Her little chest should have been rising and falling; I should have heard her adorable snore.

I knelt by Tom and shook him just the way I’d shaken Rosie.

Tom! Tom! I said, until I heard the slightest groan.

I waited until I heard one more, just the smallest sound and a puff of breath.

Then I ran to the kitchen phone and called the ambulance, dismayed by the operator’s nonchalance.

Where did your husband collapse, ma’am? Can you find his pulse?

Does he seem to be breathing? Is the house number clearly displayed?

If not, you may want to wait on your porch.

I had no intention of waiting outside. I stayed by Tom, smoothing his thinned hair back from his forehead, talking to him the way I used to talk to Tom Junior when he was young and drowsy with sickness.

It’s okay, honey, you’ll be fine. Just hang on.

You’ll feel better soon. It’s all right.

But the whole time I was vibrating with fear.

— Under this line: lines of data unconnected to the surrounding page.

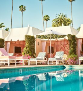 Candy cane stripes are having a bit of a moment in interior design, adorning floor-to-ceiling curtains, accent chairs, cushions, and ceramics in delicious primary colours. Stripes are a deceptively versatile tool in your design armoury, providing some clever visual effects to widen, elongate or heighten the proportions of your room. This style is traditional and yet modern, and it may have served as an inspiration for the designers of The Beverly Hills Hotel in Los Angeles, with matching sun loungers and parasols poolside, it oozes old Hollywood glamour.
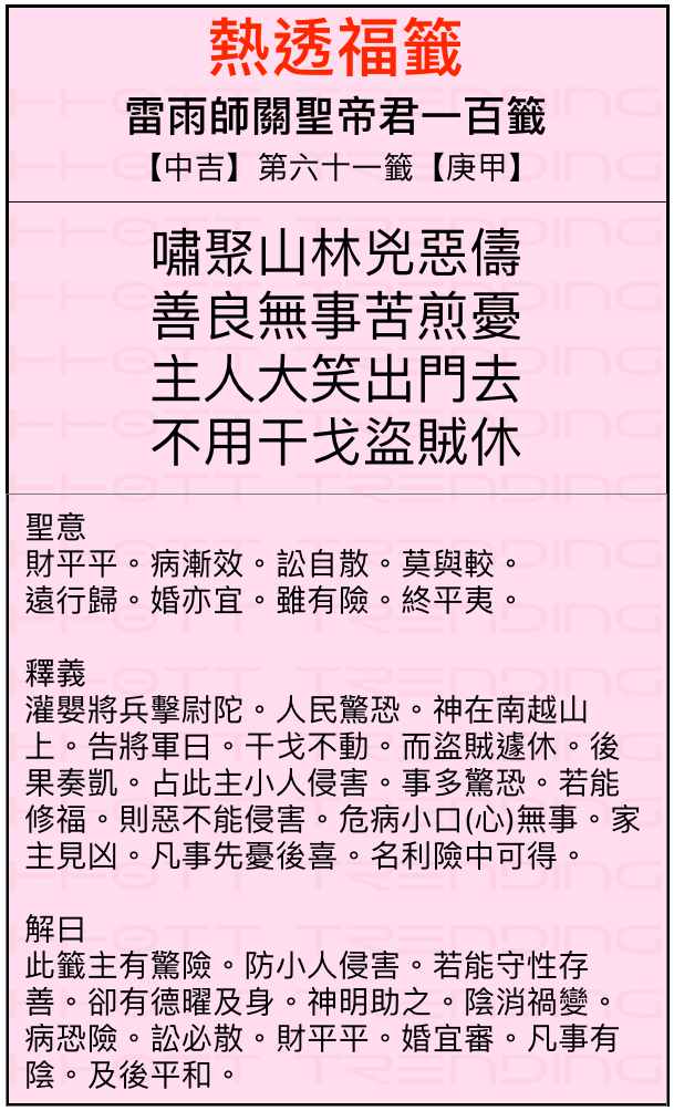 籤號:【中吉】第六十一籤【庚甲】
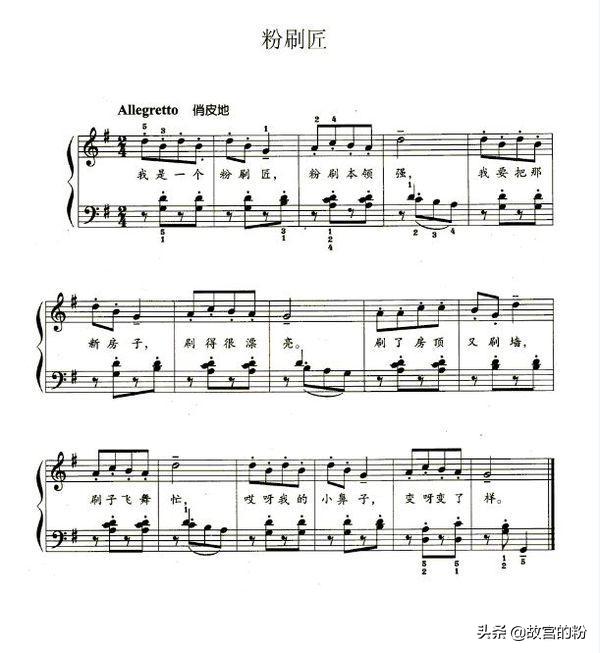 扩展资料:《粉刷匠》是一首风趣、活泼的波兰儿童歌曲。旋律使用重复的手法,简单而且易唱易记,并以"xxxx∣xxx∣xxxx∣x-∣”的节奏贯穿全曲。轻松风趣的旋律与幽默诙谐的歌词相结合,一方面生动地描绘了小粉刷匠在观赏自己的劳动成果,得意炫耀自己劳动技术的同时,表现了小粉刷匠一心只顾劳动,弄得鼻子也刷上了白灰的顽皮神态;一方面教育学生热爱劳动和乐观向上的精神。
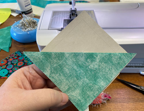 You can just make out the shadow of the #1 on the unprinted side of this pattern.With RST, center the long bias edge of a #2 triangle even with one edge of the #1. The point of the triangle is directly opposite the printed solid corner lines on the pattern. at the top of the photo.
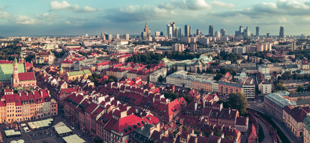 Historic city panorama with a high-angle view of the colorful rooftops of the buildings in the old town square. In the background, a view of the center of modern Warsaw with the silhouettes of skyscrapers.
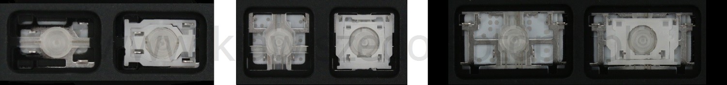 - Bij de meeste toetsenborden die er van buiten identiek uitzien, werden verschillende soorten clips onder de toetsen gebruikt.

I tried to bargain with the god I’d never fully believed in, even after all the forced churchgoing of my youth: No more. Not now. Not ever, please. Please.

Even fixed in that pleading state, though, I stared at Tom’s slack face and wanted my camera.

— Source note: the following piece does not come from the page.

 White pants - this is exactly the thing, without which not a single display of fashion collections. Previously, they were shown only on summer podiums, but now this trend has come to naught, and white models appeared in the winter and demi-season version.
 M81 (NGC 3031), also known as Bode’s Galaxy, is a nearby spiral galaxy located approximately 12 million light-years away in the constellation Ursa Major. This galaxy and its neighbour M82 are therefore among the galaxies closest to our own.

It was just behind me, just out of reach; I’d dropped it as I came in the door.

In my head I left myself trembling on the carpet and saw him coldly, as if through the camera lens: the loose O of his mouth, the slight twitching of his eyelids over his large, straight nose.

I noticed the blue carpet fiber that sprung up like a solid sea around his pale still form, and saw how I would frame it all.

Except I wouldn’t, of course; that would have been ghoulish and wrong.

I’d taken pictures of Rosie after she’d died, kneeling on the same blue carpet and lowering the lens to be level with her little face that had always been grinning and mischievous in life but had frozen now, solidified.

I took a few shots to preserve this last memory of her, but once I developed the film, I stored the prints in the locked filing cabinet drawer that holds my private documents, the ones that even Tom hasn’t seen.

Rosie’s death photos would rest in a file beside the brittle, yellowed article from my old hometown paper that reads “Local Girl Attacked by Afternoon Intruder.” I didn’t like putting Rosie next to such ugliness, but I couldn’t face her death any more than I could face the past, so I left her there.

My other reminders from that long-ago time can’t be locked in a drawer.

Moving my free hand under the table now, I find the scarring along my inner thighs: the bumps and ridges and bubbled skin that have been mine for years.

Just after we made love for the first time, I told Tom the scarring was from a kitchen accident—a terrible spill.

Even though I’m not sure he believed me, he acted as though he did, and has never brought it up since.

It’s remarkable, really—that in all these years he’s never mentioned it.

Not once. The most he does is run his hand over the spot now and then, saying nothing—but making me shiver and recoil.

He squeezes my hand again, bringing me back to the here and now.

To the dining room table and to the life we’ve built in this small brick house on our quiet, tree-lined street.

The past retreats—Rosie’s death, Tom’s sudden collapse, my ancient incident—but I sense it all hovering.

Waiting for something: a window, an opening.